DS reading group to help us keep up and as a way to involve people who want more discussion on the implications of digital scholarship. Helps us get to know interested people in other departments and forces us to make time to read in-depth. Image used in posters part of setting the tone - informal, quirky. Discussion really enjoyable. Can't choose anything too long as people probably won't get through it, mightn't come.
#image credit ?
Collecting together datasets under data.bl.uk. Lots of different projects - images on Wikimedia Commons, Flickr Commons; linked open data with BBC Research and Education Space, British National Bibliography; OCR text and digital images from data portal; UK web archive, thesis data, research datasets...
Support computational, data-driven research.
Competitions seem effective way to motivate participation - time-limited, clear expectations re what to submit, clear rewards and recognition. Off the Map, run by colleague Stella Wisdom, explores how British Library digital collections can be used in creative ways. Opportunity for game, design students in the UK to showcase their talents to industry; hopefully lead to engagement with new audiences.
BL Labs Awards recognise work done with digital collections (in research, commercial, artistic, teaching/learning categories); Competition winners got to work closely with Labs team for several months to make their DS project idea a reality.
Great thing about competitions is they help create case studies. Dr Katrina Navickas was a Labs Competition winner whose story particularly resonates with 'traditional' historians.
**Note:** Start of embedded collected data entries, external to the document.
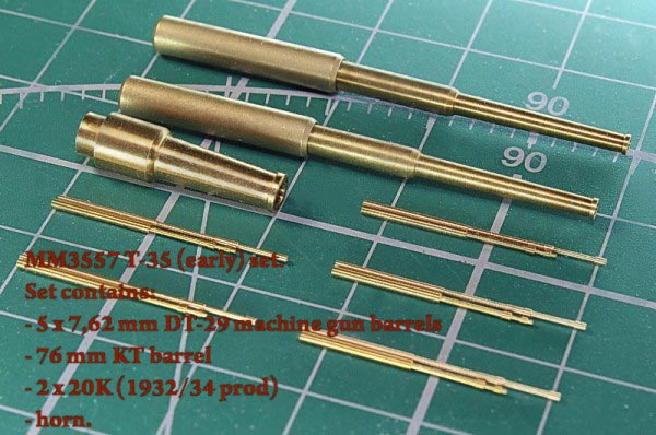 MM3557 Комплект стволов и пулеметов для Т-35 (ранние серии). Ствол пушки КТ, два ствола пушки 20К обр. 1932/34г., пять пулеметов ДТ-29, звуковой сигнал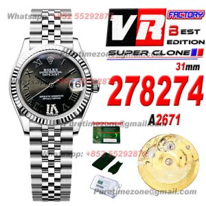 Datejust 278274 Automatic Womens Watch Super Clone VRF 31 Gray Roman VI Diamonds Dial Jubilee Bracelet Ladies A2671 $530.00 $450.00
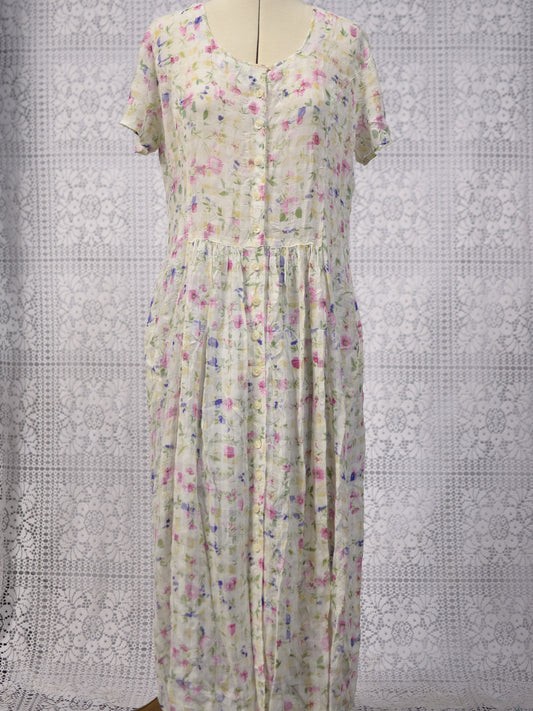 Y2K St Michael cream and pink gingham floral button through short sleeve maxi dress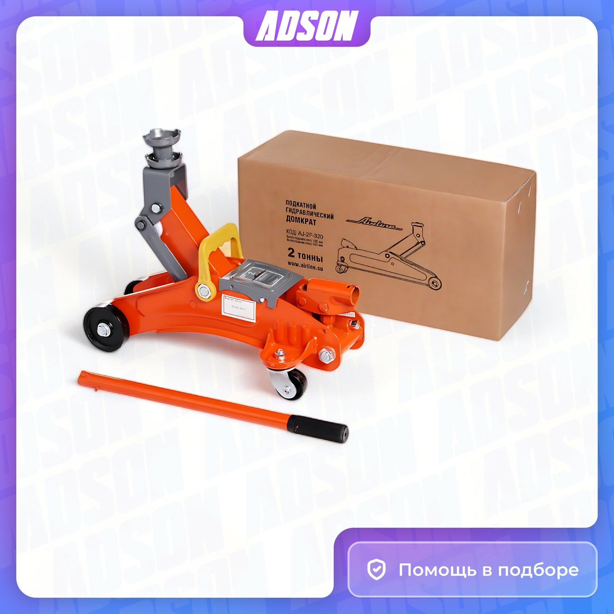 Домкрат Подкатной 2т (Min - 125 Мм, Max - 320 Мм) AIRLINE арт. AJ2F320

Katrina's research investigates Chartism, the biggest movement for democracy in 19th century Britain. Used text mining techniques to map weekly meetings as advertised in the Northern Star newspaper between 1841 and 1845 - thus the quote. http://politicalmeetingsmapper.co.uk/maps/methods
Labs team, usually with a digital curator, run workshops and activities at universities around the country, to encourage re-use of digital collections
From undergraduate group projects, MSc dissertation projects, to PhD supervision. Can be very time-consuming but provide opportunity for targeted application of specific technologies or methods to specific collections. Relies on infrastructure of university, which has positives and negatives, but means we're not held back by need to fit into BL infrastructure and busy IT schedules. Screenshot is MSc project by Thomas Evans, who was asked to create a more browseable interface to search-focused DigCIM, Digital Catalogue of Illuminated Manuscripts.
Partnerships are another way to explore application of new technologies. This is a screenshot of Transkribus, part of the READ project. They're working on handwritten text recognition, which has huge potential for our manuscript collections. We've signed a Memorandum of Understanding with them to make it easier to share records and learn from their research.
Crowdsourcing enables us to engage new audiences while making our collections more discoverable. Working with metadata services to ensure results can be incorporated into catalogue at some level of granularity; will also offer as dataset.